When the Melanoma gal moves to the Beach
5 years ago
6 comments:
Kristy,
Just read you last 2 posts. First off I will be in prayer for your dear friend for her health and for her heart. My family will also be praying for your visit to the doc. today. I pray that they find nothing wrong and that you simply need to quit your cleaning frenzy's for just a lil bit so that you can heal. I want to also comment on your post about your grieving- I know that people say that time heals and that alone can bring anger because to you and to all of us it says you will forget. I think you should look at it from a different perspective. I think you should look at it in terms of time will allow you to figure out who you are now. How you will respond to people who are hurting with the same experience. How you love your children. New values that will take place in your lives because you realize more than others how precious life is. I know that my mother lost her little brother at the age of 3 (hit by a car). My mom had rules that other moms did not seem to have for there children. I kid you not we got into more trouble for telling our siblings "meanie" or "i hate you". It simply was not tolerated. That value was one of many that I was raised with and it is one that carries on. My children and my brother and sisters kids are all having to deal with parents who have no tolerance for mean words towards each other. Half of your heart will always be in heaven right where it should be and the other half will be here for your family and friends where it should be. Time will not heal all but in time you will find the new beautiful you that can laugh, love, and talk about your entire family of 6. Your grief is not forgotten and most of the world me included wait for your cues on what it is you are needing at that time.

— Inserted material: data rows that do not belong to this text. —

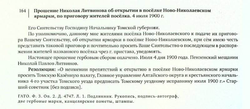 Вследствие отношения Управляющего Кабинетом ЕГО ИМПЕРАТОРСКОГО ВЕЛИЧЕСТВА и на основании 642 ст. Общ. губ. учр. II Св. Зак. изд. 1892 г., я разрешаю Вашему Превосходительству учредить в посёлке Ново-Никольском* Алтайского округа должности:
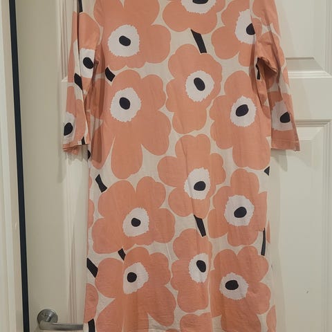 Marimekko unikkomekko kokoa S. Reilu mitoitus menee hyvin M-kokoiselle. Vyö. Venyvä kangas. Pieni tahra edessä;lähes huomaamaton. Upea seuraavalle!
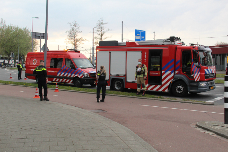 Een explosievenverkenner is onderweg om te onderzoeken of er daadwerkelijk sprake is van een explosief. De brandweer staat ook standby.
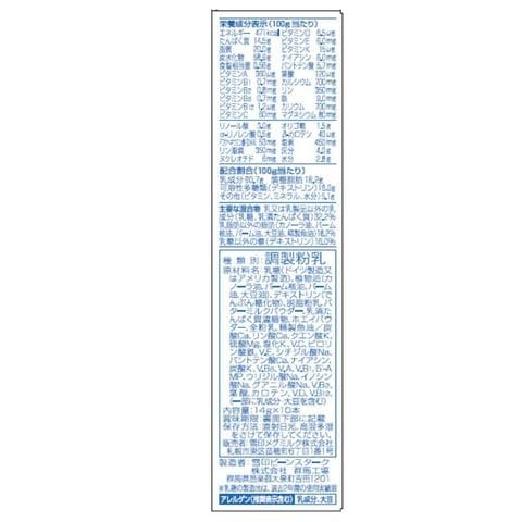 乳成分:60.7g、調整脂肪:18.2g、可溶性多糖類(デキストリン)16.0g、その他(ビタミン、ミネラル、水分):5.1g
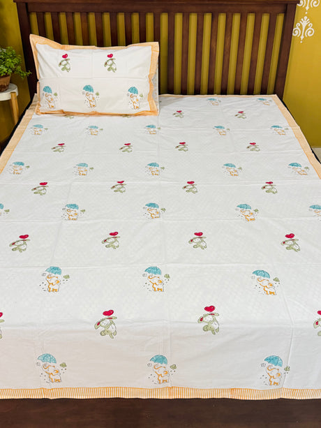 The kids bedsheets are of playful prints and soft fabric of the cotton bedsheet with pillow covers provide a marvelous combination of fun and functionality. These sheets are easy to maintain, making bedtime a cozy and lovely time for all children.

I pray you see many blessings in this day,
your friend
Melissa
I will be praying for both of you. Recovery is not always easy.
Your comment about peoples reactions... I can soooo relate! I've been rather quiet, both in blog world and in real life, these past few months. People have started to notice. Got a call from an acquaintance the yesterday morning. Apparently God had her thinking about me Sunday evening so she wanted to call and make sure I was okay. She totally didn't know what to say when I said that I had been struggling. Why do people ask if they aren't ready for the truth!?! Or to do something to make a difference.
Thanks for being real. I'm still praying for you and your family.
Kristy,
I will be praying for your friend to get through this time and I am praying for you too that all will be well. I love your honesty and please do not worry about offending others with it. You have taught me so much about how to encourage the grieving with your honesty in waiting for Happy. I have needed to learn how to be compassionate without putting my foot in my mouth. You just be honest sweetie and let us deal with it. I love you and think of you daily.
Laurie in Ca.
Praying for you today, Kristy. I hope the doctor will confirm that it's only the stress you have been going through and nothing but that. I will say a prayer that the bleeding will taper off very soon and that your body will heal on the outside for once and for all. I know the inside will be hurting for some time. You are in my daily thoughts & prayers. Take good care!
Love, Nicole
I am not sure how to go about this...LV you said that you emailed me. I have read your comments today and am realizing that I never received that email! I would have remembered I am sure and I always email back! Please try again! I would love to chat!
Kristy
Kristy,
Just wanted to let you know I have been thinking about and praying for you. I was glad to hear you were thinking of coming back to see us at MOPS and hope that your appointment went well. Glad you got a morning with your hubby to sit in the quiet and enjoy each other though! I am also glad that you still feel free to post your joys and sorrows on this blog. Even though some of us have no idea what you are truly going through, it is good to know how we can pray for you. May God continue to hold you tight and may you always feel strong enough to lean on Him even when it seems to make no sense.